--- YOUR INSTRUCTIONS ---
Look through the entries below for the line with "Type oorbel: Oorhangers;" and the line with "2012年5月20日,济南外", then give again exactly those two lines and all lines between them, minus the pictures.

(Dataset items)

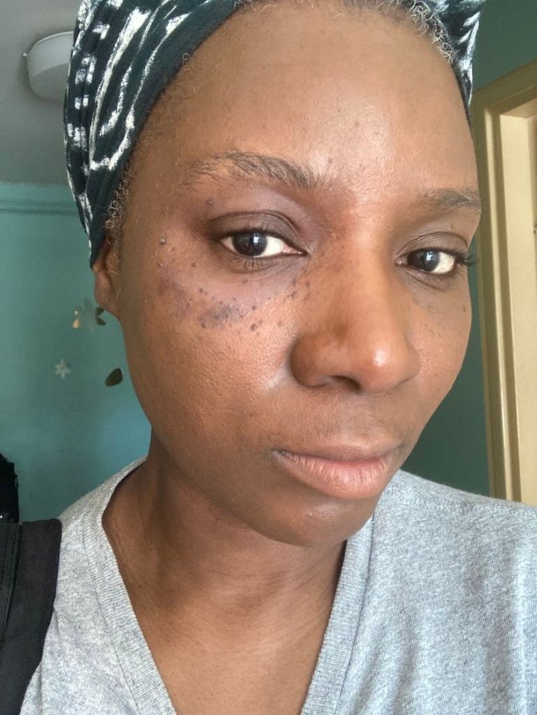 Les criminels ont brulé ma peau à plusieurs reprises, et littéralement détruit la dentition de ma fille Jéméa, 5ans, qui dort avec moi. J’imagine qu’elle a été une victime collatérales de leurs tirs nocturnes.
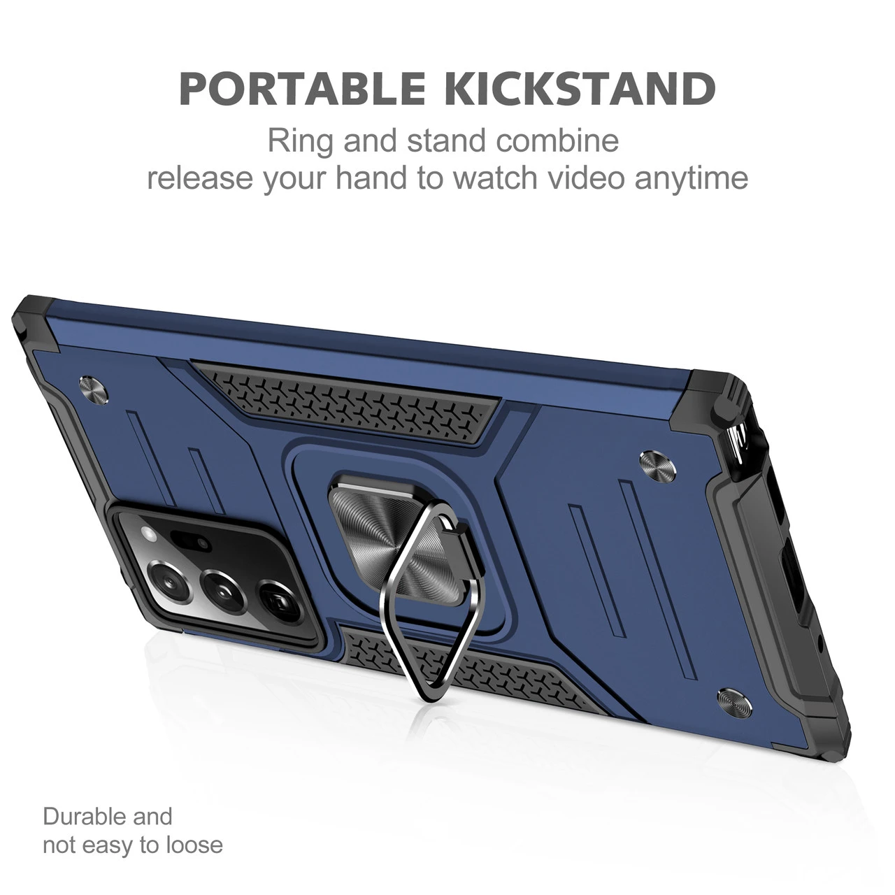 - Ring-shape metal holder provides convenient and safer grips with hand and fingers. 180 and 360-degree rotating modes make it easier to adjust the stand/view angles.
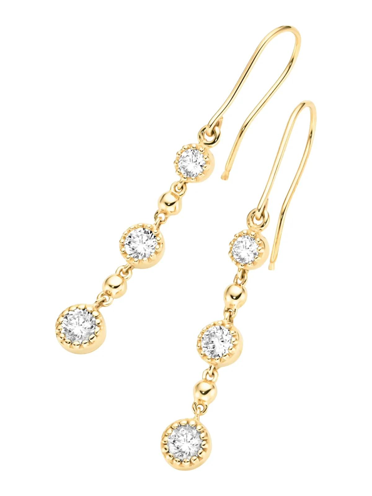 Type oorbel: Oorhangers; Type sluiting: Haakjes; Materiaal: Goud; Extra's: Glanzend, Met zirkonias; Aantal per set: 2-delig
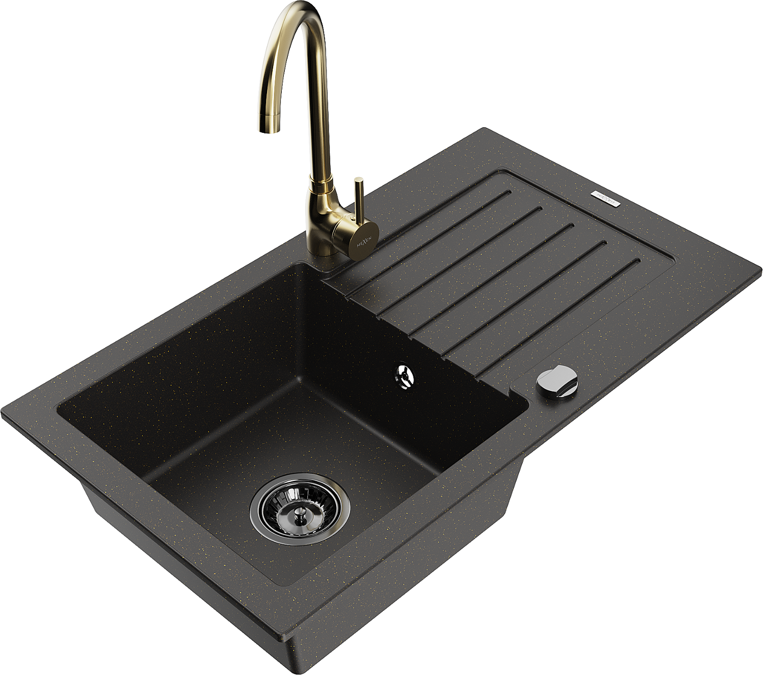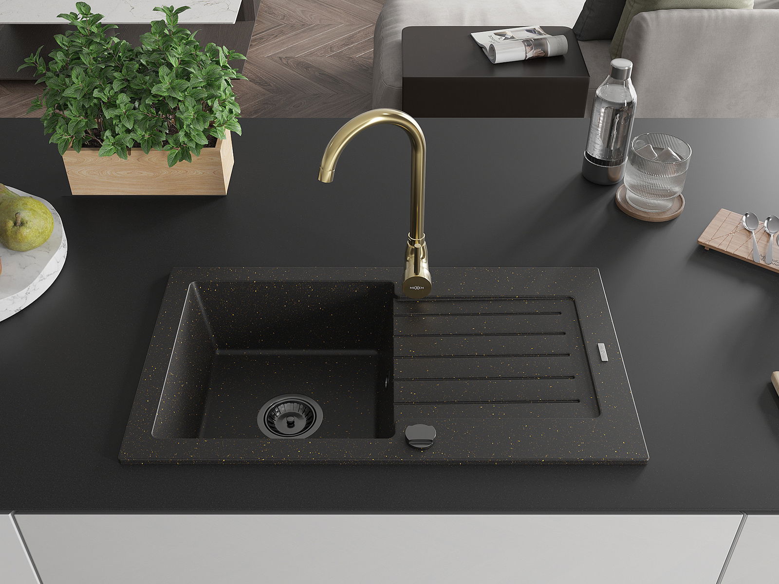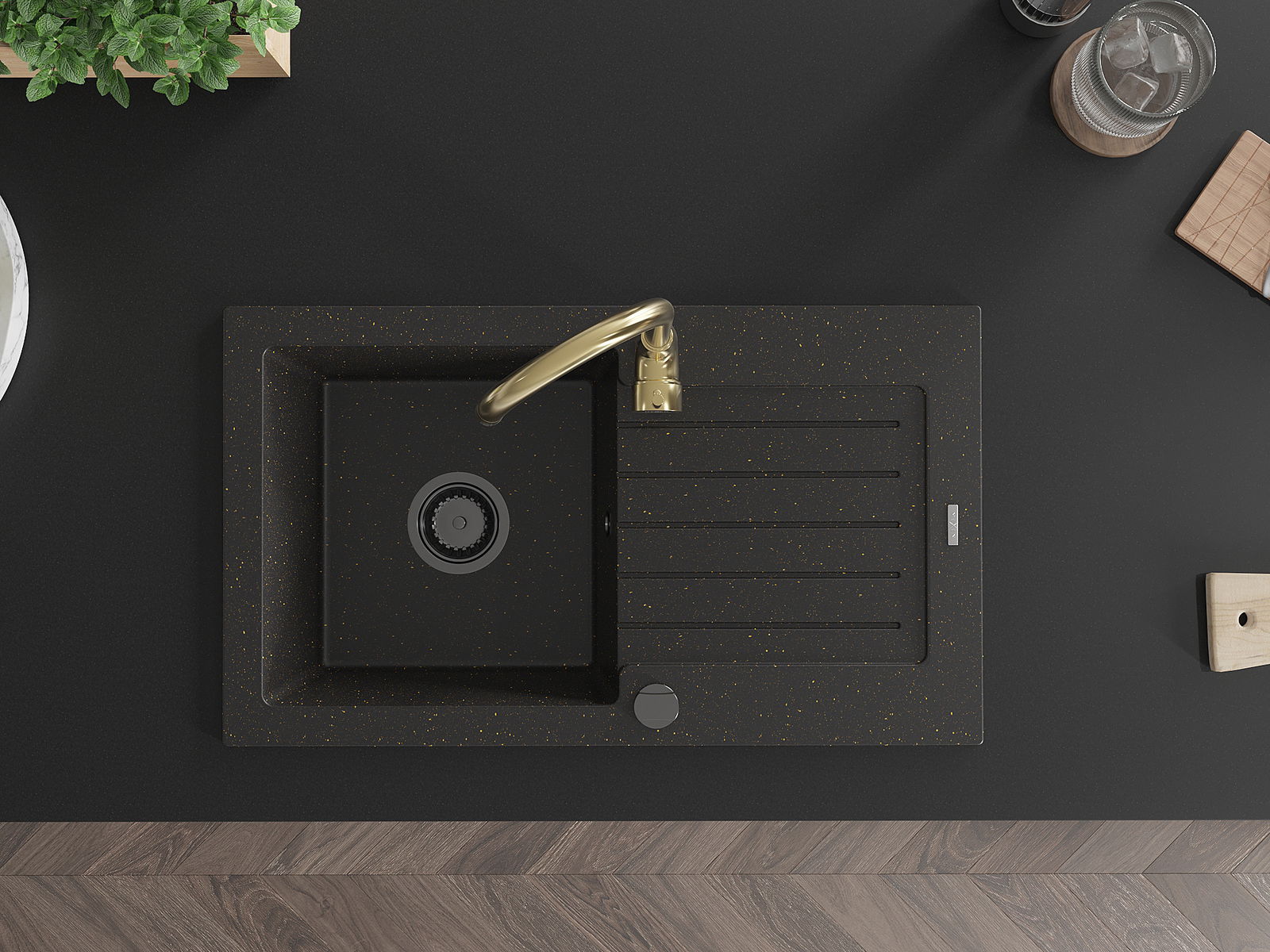 Mexen Pablo žulový dřez 1-komorový s odkapávačem a kuchyňskou baterií Telma, černý/zlatý - 6510-75-670200-50-B
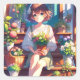Cute Anime Girl holding a Plant Square Sticker
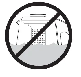 - To protect against electric shock, do not immerse the glass jug base, power base, power cord or power plug in water or allow moisture to come in contact with these parts. Avoid spilling water onto the power base’s connector. Do not immerse the glass jug or the power base for cleaning.
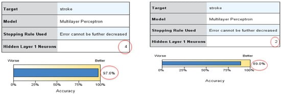 We set the chronic disease of stroke and heart attack as the target or dependent variables, and all other behavioral habits variables as the predictor/independent (input) variables. Neural network models were run separately for each dependent variable. The six most important predictors for each of the dependent variables were selected to run the models again. The data had 2907 rows for analysis. Figure 1 shows the best model for predicting stroke, with the highest accuracy of 97.6%. The best fit model has one input layer, one hidden layer with four nodes, and one output layer. The partition rate of 50–50 was used.
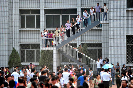 2012年5月20日,济南外国语学校举行2012年初中招生测试,众多陪考家长守候在考场门前。上午10点半,众多家长拥堵在考点门外等候。由于原定10点半结束的考试一直持续到中午12点多,数千名家长拥堵在校门前等候考生,有些心急的家长开始喧嚷起来。学校工作人员爬上学校大门,拿着喇叭安抚家长。
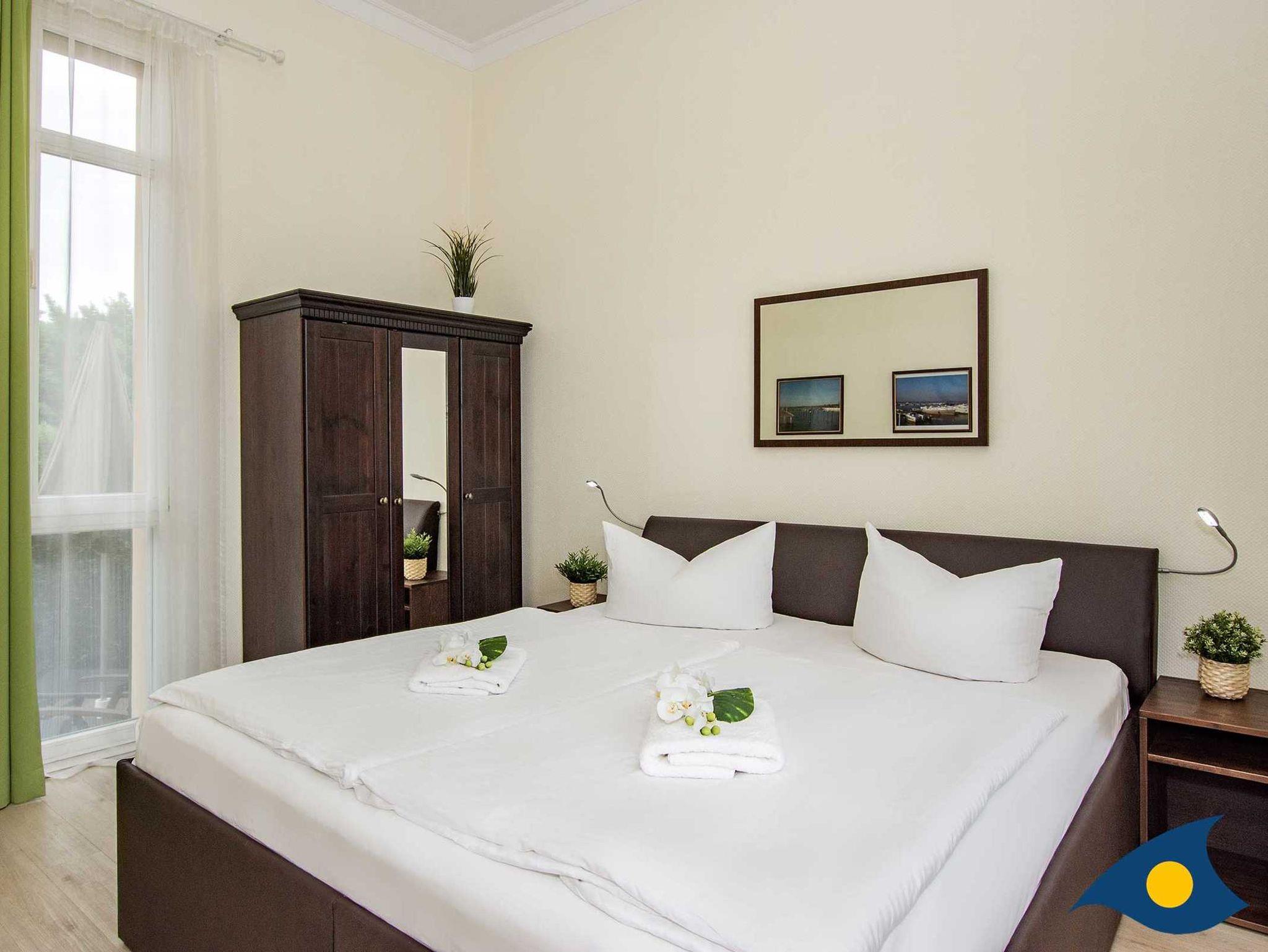 Im Schlafzimmer steht Ihnen u. a. ein Polster-Doppelbett (Liegefläche ca. 1,80 m × 2,00 m) mit hochwertigen Matratzen, Toppern und höhenverstellbaren Lattenrosten für eine behagliche und entspannende Nachtruhe zur Verfügung.
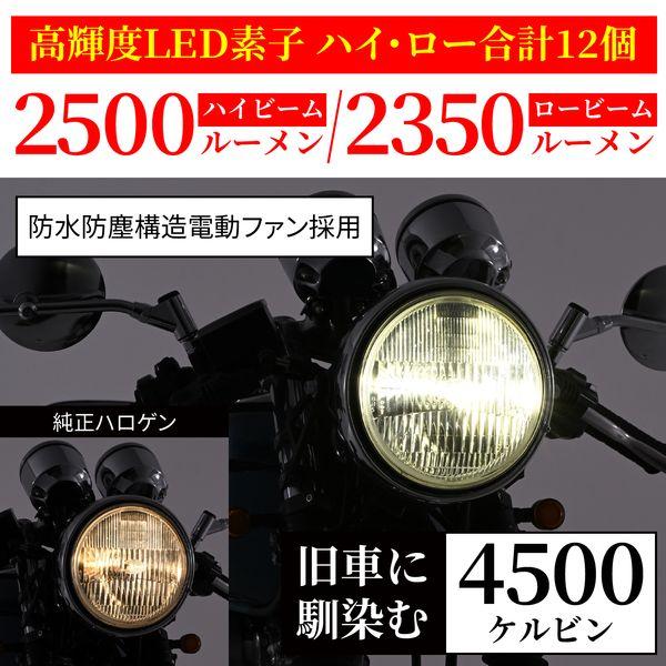 【商品説明】ハロゲンバルブからLEDライトへ手軽にアップグレード。Hi/Low両面合計で12個のLED素子を採用することで、Hiビーム2500ルーメン/Lowビーム2350ルーメンを実現。信頼のルミレッズ社製高輝度LED素子を採用し、バルブのさらなる小型化と光量アップを両立。ハロゲンバルブ約半分の電力で約3倍の明るさを発揮し、従来品のプレシャス・レイ Xに比べ、更なる小型化と光量アップも達成。多層冷却ヒートシンクと高性能ファンで効率的に放熱することで長寿命も実現しました。寸法はハロゲンバルブ同等なので、装着は純正バルブと差し替えるだけで、簡単に装着できます。旧車になじむ4500ケルビンです。【安心の車検対応】
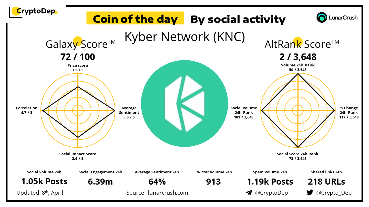 ββCoin of the day by social activity - Kyber Network (KNC).
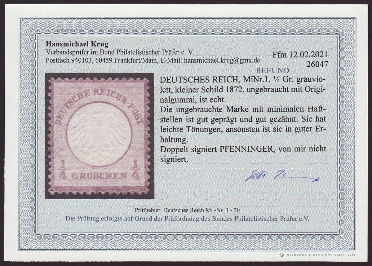 | Zusatzinformationen und Suchstichworte: | Christian E. Geigle Briefmarkenfachhandel Los 0003844760 Deutsches Reich, 1872 Kleiner Brustschild 1872, Kleiner Brustschild, 1/4 Gr. violett, ungebrauchtes Prachtstück, farbfrisch, gut geprägt, gezähnt und zentriert, nur minimale Haftspuren im oberen Bereich bei ansonsten unberührter Originalgummierung, FB Krug "leichte Tönungen, ansonsten gute Erhaltung" Festpreis 119,00 EUR |
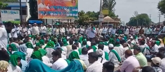 ಪ್ರತಿಭಟನೆಯಲ್ಲಿ ಸಾವಿರಕ್ಕೂ ಅಧಿಕ ರೈತರು ಭಾಗಿ.

--- PROBLEM SOLUTION ---
 Type oorbel: Oorhangers; Type sluiting: Haakjes; Materiaal: Goud; Extra's: Glanzend, Met zirkonias; Aantal per set: 2-delig
 Mexen Pablo žulový dřez 1-komorový s odkapávačem a kuchyňskou baterií Telma, černý/zlatý - 6510-75-670200-50-B
Cute Anime Girl holding a Plant Square Sticker
 - To protect against electric shock, do not immerse the glass jug base, power base, power cord or power plug in water or allow moisture to come in contact with these parts. Avoid spilling water onto the power base’s connector. Do not immerse the glass jug or the power base for cleaning.
 We set the chronic disease of stroke and heart attack as the target or dependent variables, and all other behavioral habits variables as the predictor/independent (input) variables. Neural network models were run separately for each dependent variable. The six most important predictors for each of the dependent variables were selected to run the models again. The data had 2907 rows for analysis. Figure 1 shows the best model for predicting stroke, with the highest accuracy of 97.6%. The best fit model has one input layer, one hidden layer with four nodes, and one output layer. The partition rate of 50–50 was used.
 2012年5月20日,济南外国语学校举行2012年初中招生测试,众多陪考家长守候在考场门前。上午10点半,众多家长拥堵在考点门外等候。由于原定10点半结束的考试一直持续到中午12点多,数千名家长拥堵在校门前等候考生,有些心急的家长开始喧嚷起来。学校工作人员爬上学校大门,拿着喇叭安抚家长。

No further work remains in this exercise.